Source data
━━━━━━━━━━

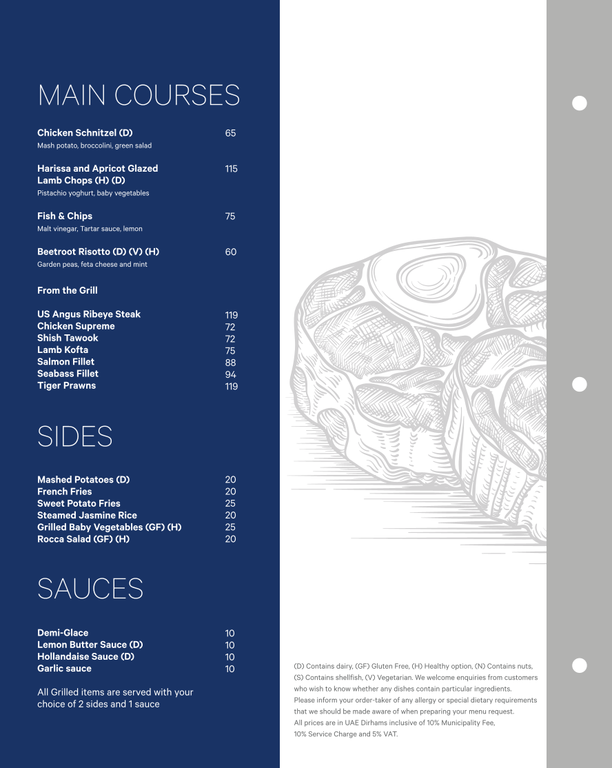 Main courses at Al Qubtan include hearty and delicious options such as the crispy Chicken Schnitzel (D), the tender Harissa and Apricot Glazed Lamb Chops (H) (D), and the classic Fish & Chips. Vegetarians can enjoy the rich flavors of Beetroot Risotto (D) (V) (H), while meat lovers can indulge in the savory US Angus Ribeye Steak.
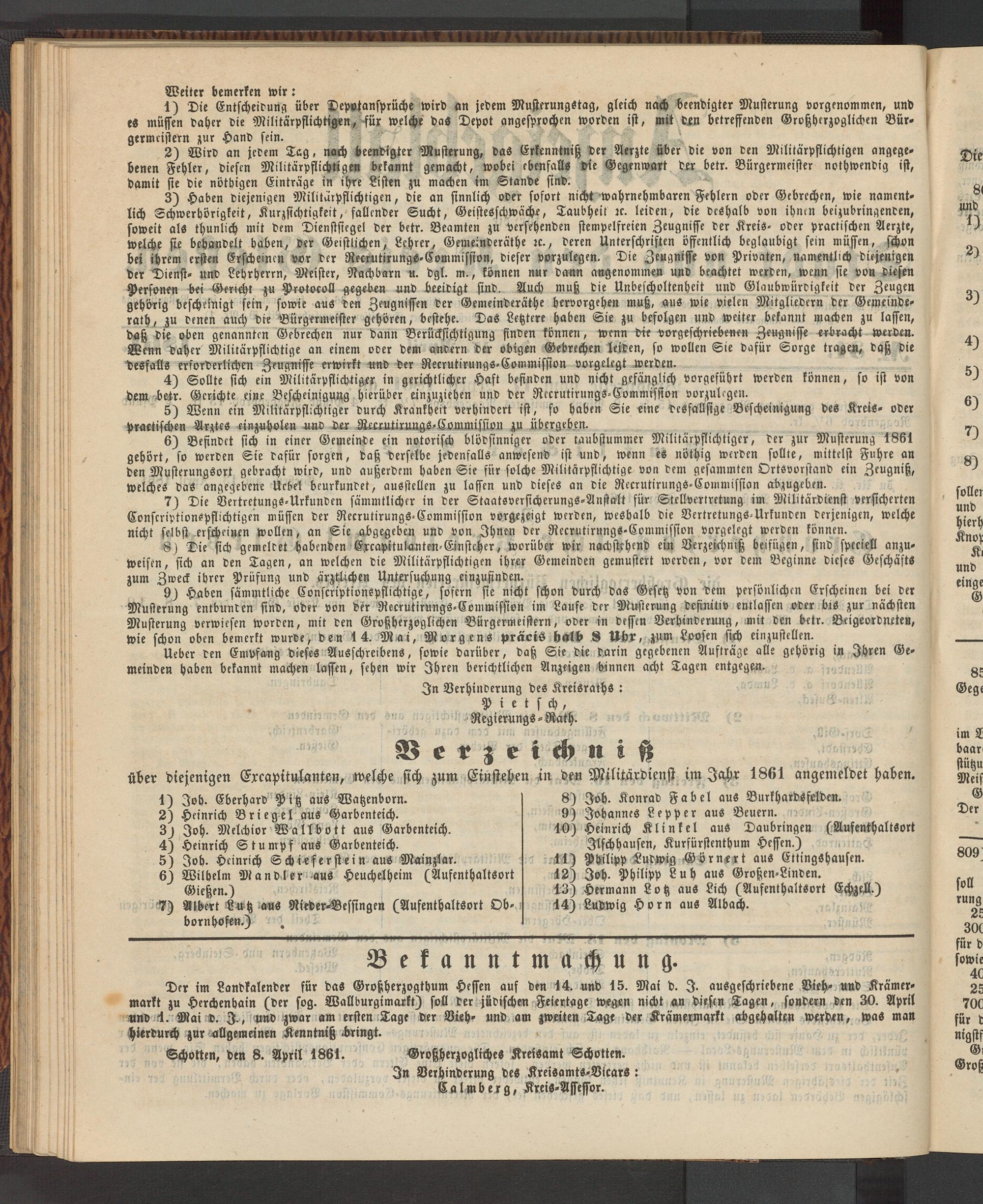 Schotten, den 8. April 1861. Großherzogliches Kreisamt Schotten.
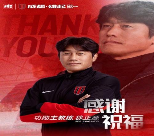 同时,蓉城官方表示,俱乐部决定授予徐正源成都蓉城足球俱乐部“功勋主教练”称号。
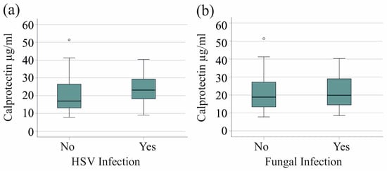 2.7. Relationship of Serum Calprotectin to Bacterial and Fungal Superinfections and HSV Reactivation
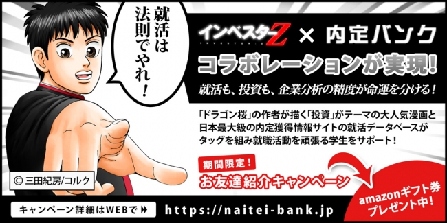 ネクストマーケティングが運営する「内定バンク」( https://naitei-bank.jp/ )は、投資マンガ「インベスターZ」とのコラボレーション企画の実施を発表した。 「内定バンク」は、内定体
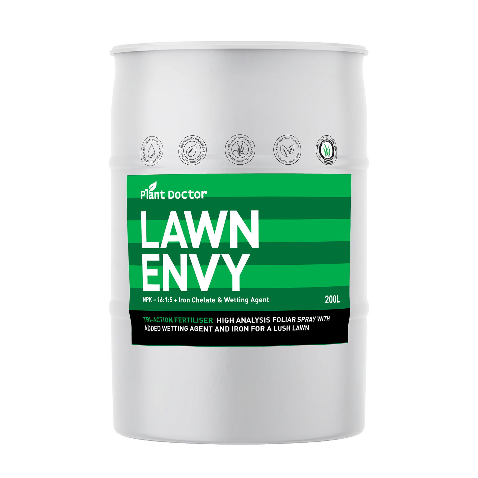 Lawn Envy is a high-performance liquid turf and soil conditioner designed for professional use across commercial landscapes, sports turf, council assets, estates, nurseries, and broadacre properties. This concentrated formulation integrates multiple proven Plant Doctor technologies into one easy-to-use commercial blend, reducing labour, simplifying inventory, and improving application efficiency at scale. Engineered for Australian conditions, Lawn Envy enhances turf colour, improves soil structure, increases water penetration in hydrophobic profiles, and accelerates root development. It is compatible with boom sprays, fertigation systems, ride-on sprayers, and irrigation injection setups, including EZFLO.
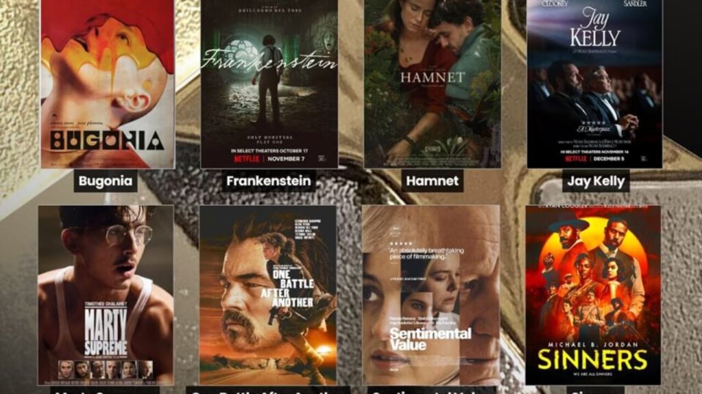 Í flokki kvikmynda er Sinners með flestar tilnefningar, 17 talsins, einni færri en met Barbie frá árinu 2024. Leikararnir Michael B. Jordan, Wunmi Mosaku og Miles Caton eru tilnefndir til verðlauna fyrir besta leikara í aðalhlutverki, bestu leikkonu í aukahlutverki og besta unga leikara/leikkonu. Ryan Coogler fær tilnefningu sem besti leikstjóri og besta frumsamda handrit, og myndin hlaut einnig verðlaun fyrir besta leikaraval og leikhóp, bestu kvikmyndatöku, bestu framleiðsluhönnun, bestu klippingu, bestu búningahönnun, besta hár og förðun, bestu sjónrænu áhrifin, bestu brelluhönnun, besta lag, bestu tónlistina og besta hljóð. One Battle After Another fylgir næst með 14 tilnefningar.
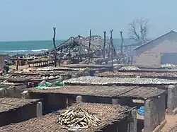 In this method the firebox is a narrow trench cut down a slope pointing into the prevailing wind. The middle part of the trench is covered over to make it into a tunnel. At the upper end of the trench is a vertical framework covered to form a chimney within which is placed the rack of foodstuff. At the lower upwind end of the trench is lit a small smokey fire, and sustained day and night until the foodstuff is cured.[19]
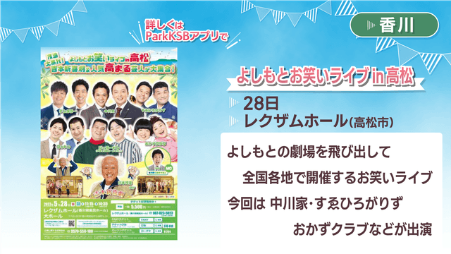 香川の1位は「よしもとお笑いライブin高松」です。よしもとの劇場を飛び出して、全国各地で開催しているよしもとお笑いライブ! 豪華出演者による漫才は、老若男女問わず楽しめます。今回は「中川家」や「すゑひろがりず」「おかずクラブ」などが出演します!
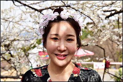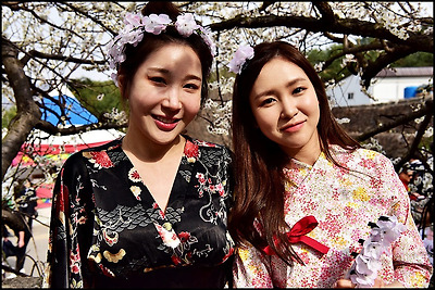 아름답고 예쁜 화관과 꽃핀을 판매하고 있는 예쁘고 귀여운 매화축제 현장 도우미 학생들..
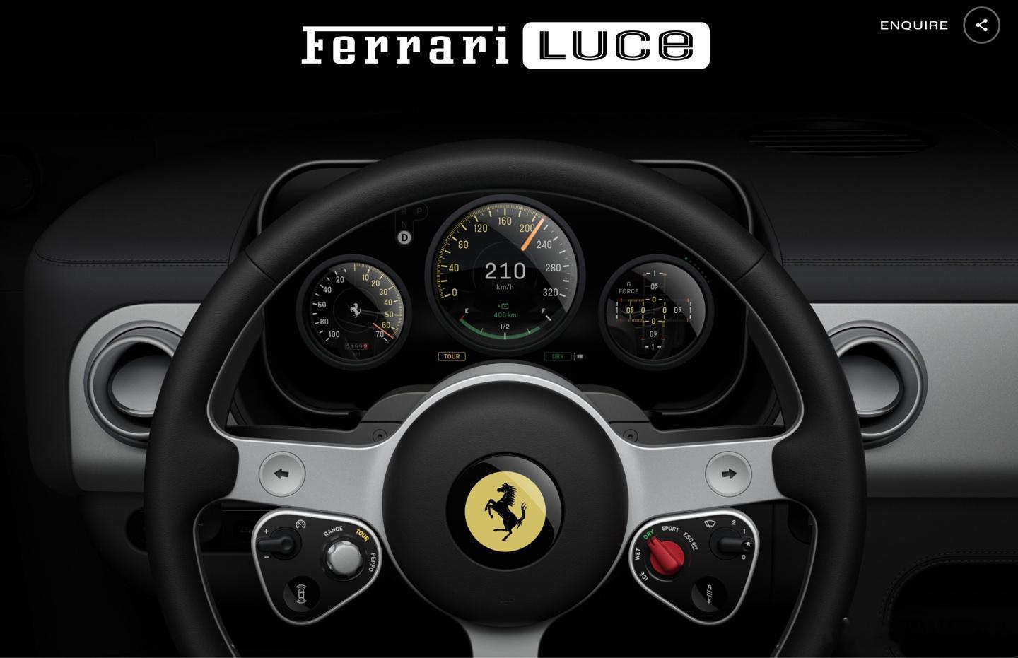 法拉利首款纯电跑车Luce(意大利语“光”),公布了其内饰效果图,由前苹果首席设
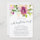Baptême floral élégant et moderne ou invitation à la baptême présente un bouquet de fleurs d'aquarelle vives et colorées dans les tons rose vif et violet framboise, avec des feuilles botaniques verdoyants. Personnalisez avec vos détails de baptême en lettres bleues élégantes de minuit accentuées de calligraphie de style manuscrit. Inclut l'espace pour la cérémonie religieuse et une fête ou une réception à suivre. Cartes inversées à vert jasper solide.
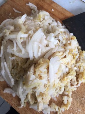 酸菜用水冲洗几遍,有条件的可以泡上1小时左右,个人感觉泡过后酸菜味不够浓。把酸菜里的水挤压掉,剁成小丁。
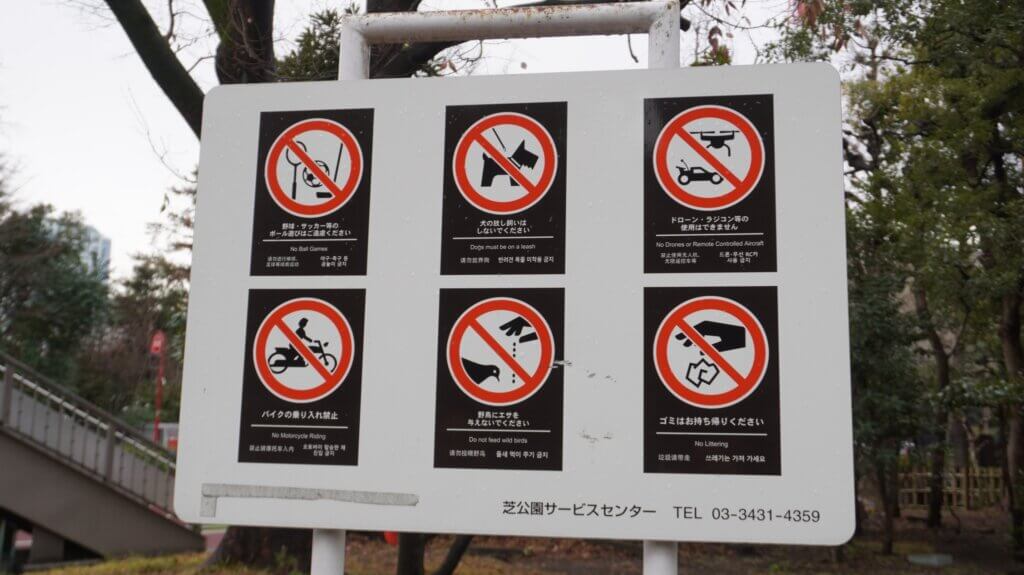 芝公園をさらに歩きます。ラジコン注意はちゃんとアンテナついてて芸が細かい。ハトもかわいい。
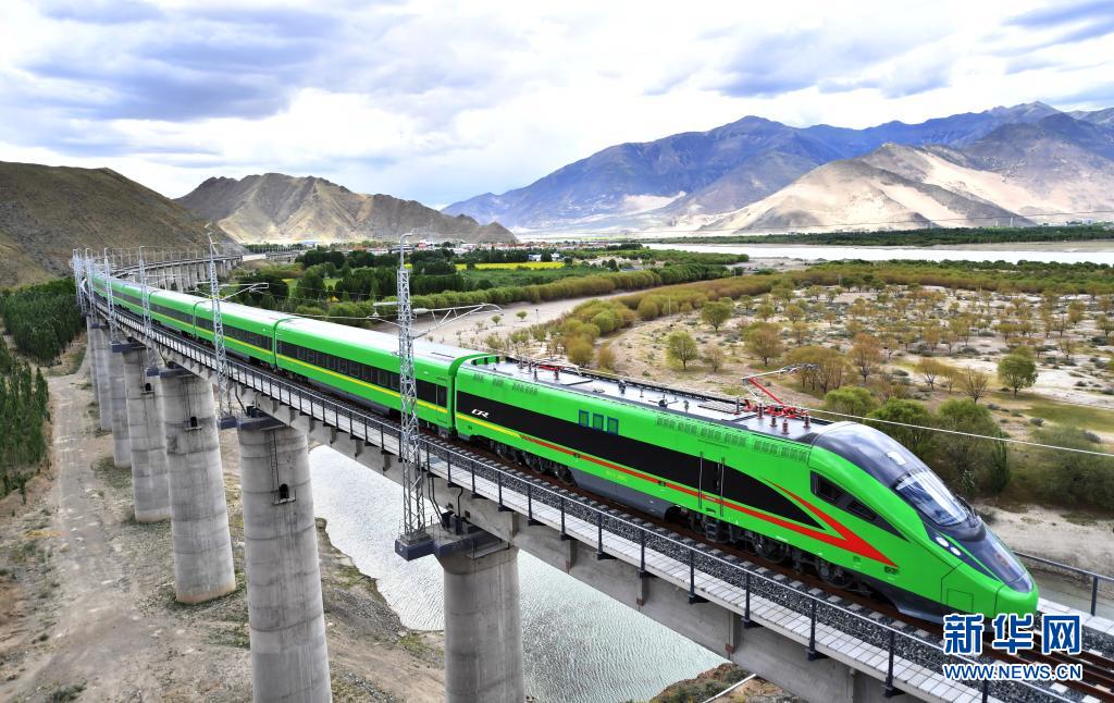 試運行的復興號列車行駛在西藏山南市境內(nèi)(6月16日攝)。

━━━━━━━━━━

▶ Task goal:
Keep the pictures out of the copy and write out the data exactly as it stands.

▶ Answer space:
 Main courses at Al Qubtan include hearty and delicious options such as the crispy Chicken Schnitzel (D), the tender Harissa and Apricot Glazed Lamb Chops (H) (D), and the classic Fish & Chips. Vegetarians can enjoy the rich flavors of Beetroot Risotto (D) (V) (H), while meat lovers can indulge in the savory US Angus Ribeye Steak.
 Schotten, den 8. April 1861. Großherzogliches Kreisamt Schotten.
 同时,蓉城官方表示,俱乐部决定授予徐正源成都蓉城足球俱乐部“功勋主教练”称号。
 2.7. Relationship of Serum Calprotectin to Bacterial and Fungal Superinfections and HSV Reactivation
 ネクストマーケティングが運営する「内定バンク」( https://naitei-bank.jp/ )は、投資マンガ「インベスターZ」とのコラボレーション企画の実施を発表した。 「内定バンク」は、内定体
 Lawn Envy is a high-performance liquid turf and soil conditioner designed for professional use across commercial landscapes, sports turf, council assets, estates, nurseries, and broadacre properties. This concentrated formulation integrates multiple proven Plant Doctor technologies into one easy-to-use commercial blend, reducing labour, simplifying inventory, and improving application efficiency at scale. Engineered for Australian conditions, Lawn Envy enhances turf colour, improves soil structure, increases water penetration in hydrophobic profiles, and accelerates root development. It is compatible with boom sprays, fertigation systems, ride-on sprayers, and irrigation injection setups, including EZFLO.
 Í flokki kvikmynda er Sinners með flestar tilnefningar, 17 talsins, einni færri en met Barbie frá árinu 2024. Leikararnir Michael B. Jordan, Wunmi Mosaku og Miles Caton eru tilnefndir til verðlauna fyrir besta leikara í aðalhlutverki, bestu leikkonu í aukahlutverki og besta unga leikara/leikkonu. Ryan Coogler fær tilnefningu sem besti leikstjóri og besta frumsamda handrit, og myndin hlaut einnig verðlaun fyrir besta leikaraval og leikhóp, bestu kvikmyndatöku, bestu framleiðsluhönnun, bestu klippingu, bestu búningahönnun, besta hár og förðun, bestu sjónrænu áhrifin, bestu brelluhönnun, besta lag, bestu tónlistina og besta hljóð. One Battle After Another fylgir næst með 14 tilnefningar.
 In this method the firebox is a narrow trench cut down a slope pointing into the prevailing wind. The middle part of the trench is covered over to make it into a tunnel. At the upper end of the trench is a vertical framework covered to form a chimney within which is placed the rack of foodstuff. At the lower upwind end of the trench is lit a small smokey fire, and sustained day and night until the foodstuff is cured.[19]
 香川の1位は「よしもとお笑いライブin高松」です。よしもとの劇場を飛び出して、全国各地で開催しているよしもとお笑いライブ! 豪華出演者による漫才は、老若男女問わず楽しめます。今回は「中川家」や「すゑひろがりず」「おかずクラブ」などが出演します!
 아름답고 예쁜 화관과 꽃핀을 판매하고 있는 예쁘고 귀여운 매화축제 현장 도우미 학생들..
 法拉利首款纯电跑车Luce(意大利语“光”),公布了其内饰效果图,由前苹果首席设
Baptême floral élégant et moderne ou invitation à la baptême présente un bouquet de fleurs d'aquarelle vives et colorées dans les tons rose vif et violet framboise, avec des feuilles botaniques verdoyants. Personnalisez avec vos détails de baptême en lettres bleues élégantes de minuit accentuées de calligraphie de style manuscrit. Inclut l'espace pour la cérémonie religieuse et une fête ou une réception à suivre. Cartes inversées à vert jasper solide.
 酸菜用水冲洗几遍,有条件的可以泡上1小时左右,个人感觉泡过后酸菜味不够浓。把酸菜里的水挤压掉,剁成小丁。
 芝公園をさらに歩きます。ラジコン注意はちゃんとアンテナついてて芸が細かい。ハトもかわいい。
 試運行的復興號列車行駛在西藏山南市境內(nèi)(6月16日攝)。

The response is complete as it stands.